Trivia of Charlie Chaplin


 Charlie Chaplin (16 April 1889 - 25 December 1977)

*Both of Chaplin’s parents were music hall entertainers in London. In his autobiography, he described how, at age 5, his mother’s voice suddenly failed in front of a crowd of rowdy soldiers. His father who also was a stage manager ushered Charlie Chaplin onstage as a replacement.Chaplin first sang a popular song called “Jack Jones,” prompting the audience to shower him with coins. He purportedly drew big laughs by announcing that he would pick up the money before continuing. More laughter ensued when he began imitating his laryngitis-addled mother. A few years later, Chaplin made his professional debut as a member of a juvenile clog-dance troupe. He followed that up with a couple of theater roles, toured with vaudeville acts and did one disastrous night of stand-up comedy in which he was booed off the stage.
*During Chaplin’s second vaudeville tour of the United States in 1913, Keystone Studios hired him away for $150 a week. He made his first film appearance early the following year, playing an out-of-work swindler in “Making a Living (1914).” Wearing a handlebar mustache, top hat and monocle, he got in a few funny gags, particularly while fighting the story’s hero, a journalist who at one point interviews a man trapped under a car instead of helping him.
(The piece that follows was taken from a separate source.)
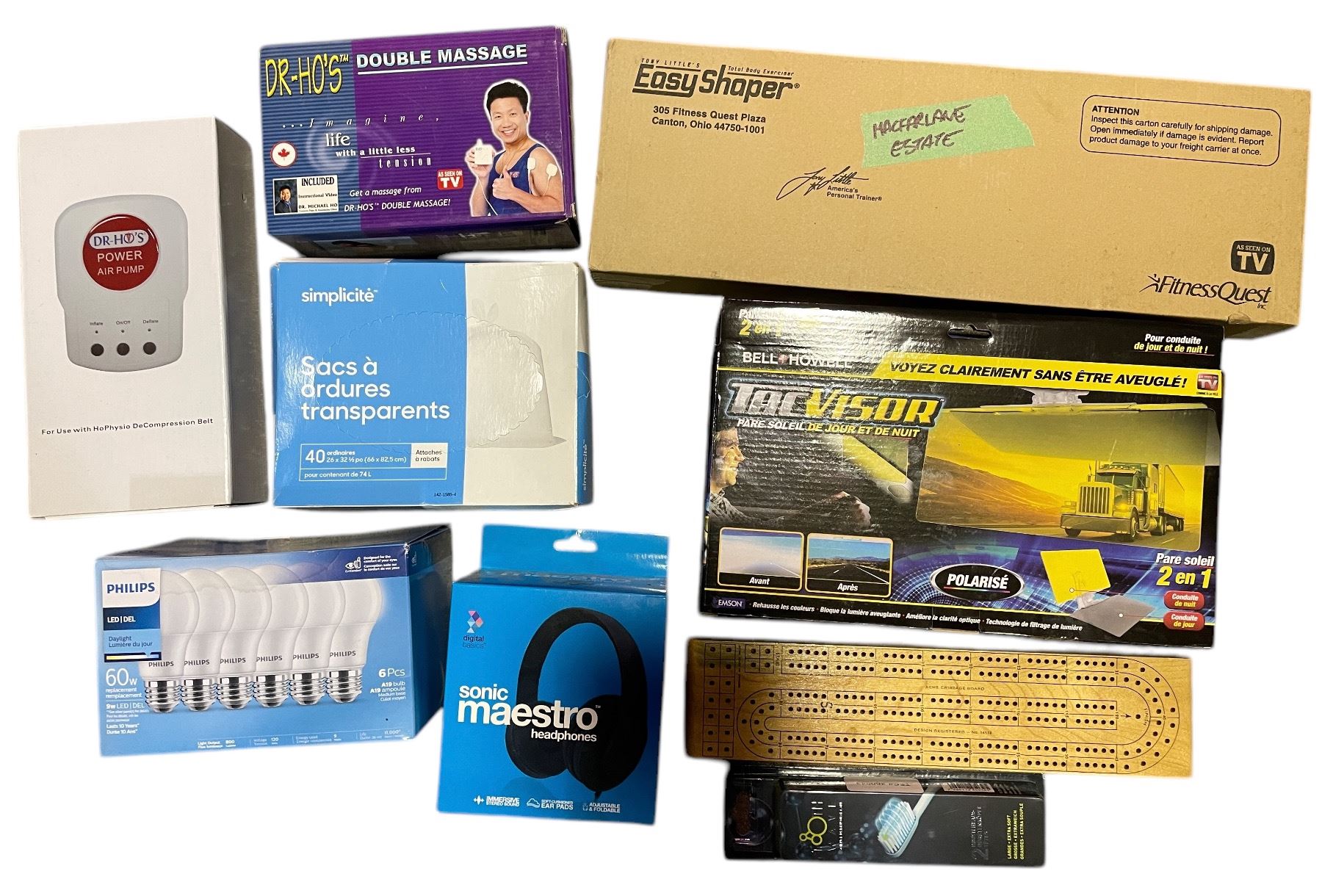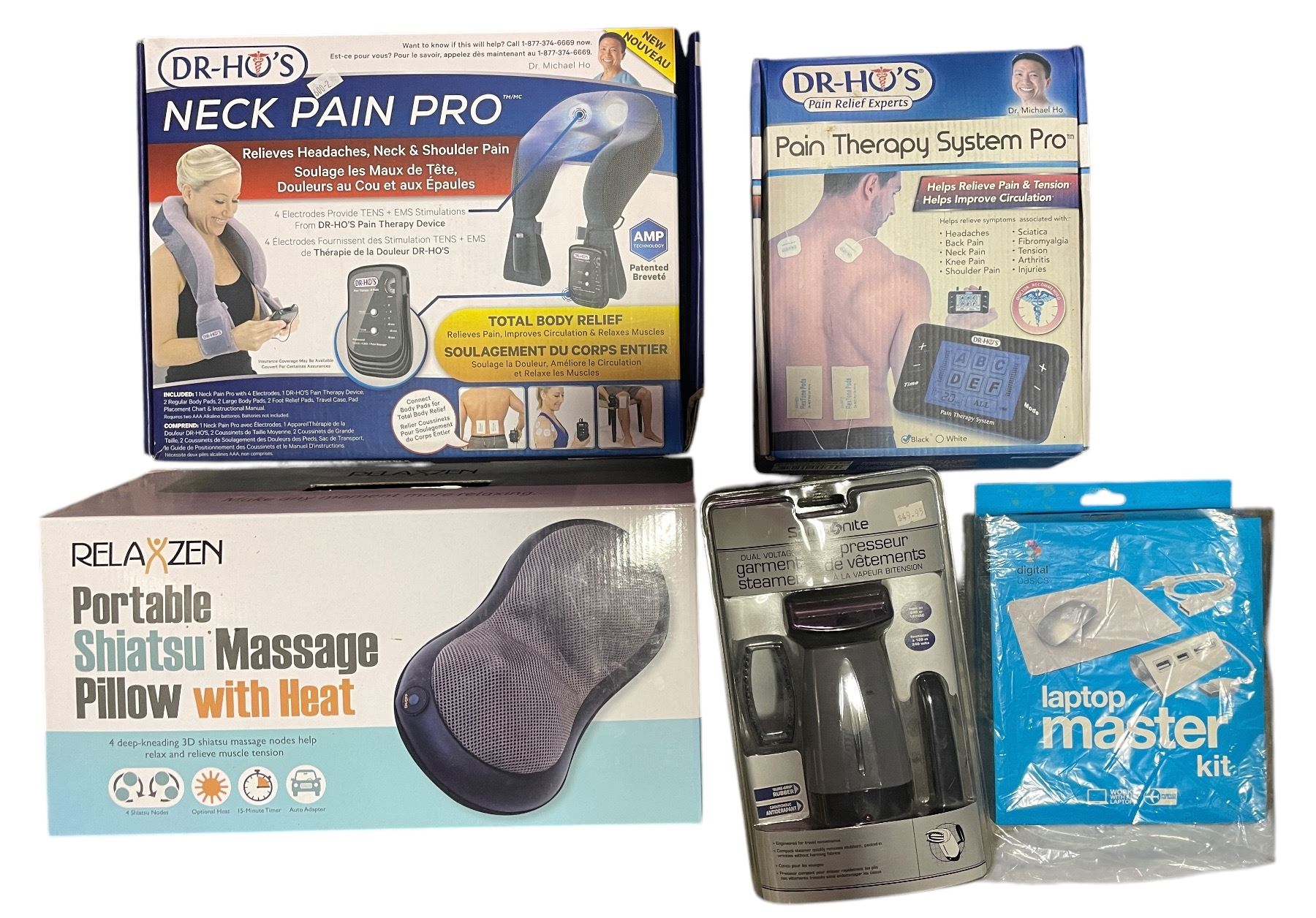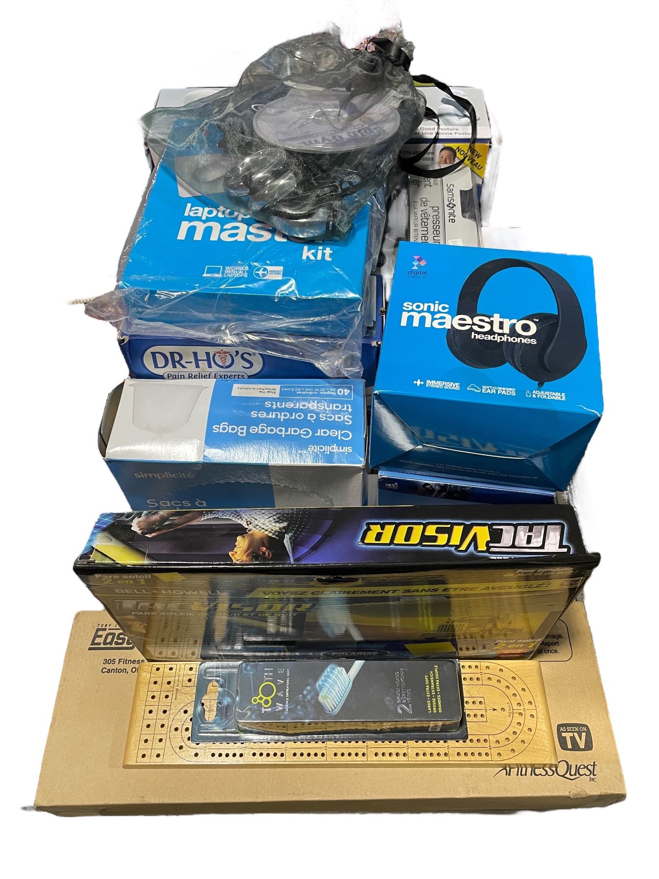 Group of Tac Car Visor, Sonic Maestro Headphones, Portable Shiatsu Massager, Laptop Kit, Etc.

Overall, though, Chaplin was appalled by his performance. “I was stiff,” he later said. “I took all the surprise out of the scenes by anticipating the next motion.” He also accused the director of cutting his best material out of jealousy.
*In 1915, Chaplin took part in the Charlie Chaplin look-a-like contest. Unbelievably, the judges and audience didn’t realise that he was the real one! It is reported that, instead of winning, he took home third place.
*Becoming one of the most iconic representatives of silent cinema, Chaplin refused to adopt audio and dialogue for a long time, even though sound technology in the film industry was becoming increasingly popular. He continued with his own idea of cinema, convinced that sound would ruin the Little Tramp. However, he gradually introduced music and other sounds as a device in his later movies, including City Light (1931), Modern Times (1936) and The Great Dictator (1940).
*Chaplin invited Albert Einstein and his wife Elsa to join him at the Los Angeles premier film City Lights (1931). When the house lights came up, Chaplin was surprised to see Einstein's eyes tearing at the final scene. Chaplin said in his autobiography that he had not known Einstein to be so "sentimental."
*Chaplin composed the music for many of his own movies, despite never having had proper music training. Chaplin actually won an Oscar for the music in Limelight (1952), which he helped compose.
*He and Buster Keaton had an interesting relationship. Long considered rivals but always having avoided commenting about each other in the press, Chaplin hired Keaton for a part in Limelight (1952). Keaton, who was flat broke at the time, went into a career decline after having been signed by MGM in 1928, as the studio would not let him improvise in any of his films nor allow him any writing or directorial input, and he was eventually reduced to writing gags--often uncredited--for other comedians' films. Chaplin, at this point, felt sorry for Keaton due to his hard luck, but Keaton recognized that, despite Charlie's better fortune and far greater wealth, he was (strangely) the more depressed of the two. In one scene in "Limelight", Chaplin's character was dying. While the camera was fading away, Keaton was muttering to Chaplin without moving his lips, "That's it, good, wait, don't move, wait, good, we're through." In his autobiography Keaton called Chaplin "the greatest silent comedian of all time".
*Marlon Brando played the starring role in Chaplin's last movie A Countess from Hong Kong (1967) in 1966. While Brando had always greatly admired Chaplin's work and looked upon him as "probably the most talented man the [movie] medium has ever produced", the two superstars did not get along during the shooting. In his autobiography, Brando described Chaplin as "probably the most sadistic man I'd ever met." Chaplin, on his side, said that working with Brando simply was "impossible".
*Just a few months after Chaplin’s death in 1978, two robbers stole his coffin from a Swiss cemetery and sent his wife a $600,000 ransom demand. When she refused to pay, they allegedly threatened her kids. The bungling robbers were soon caught, however, and the coffin was recovered. It was then reburied in a theft-proof concrete vault.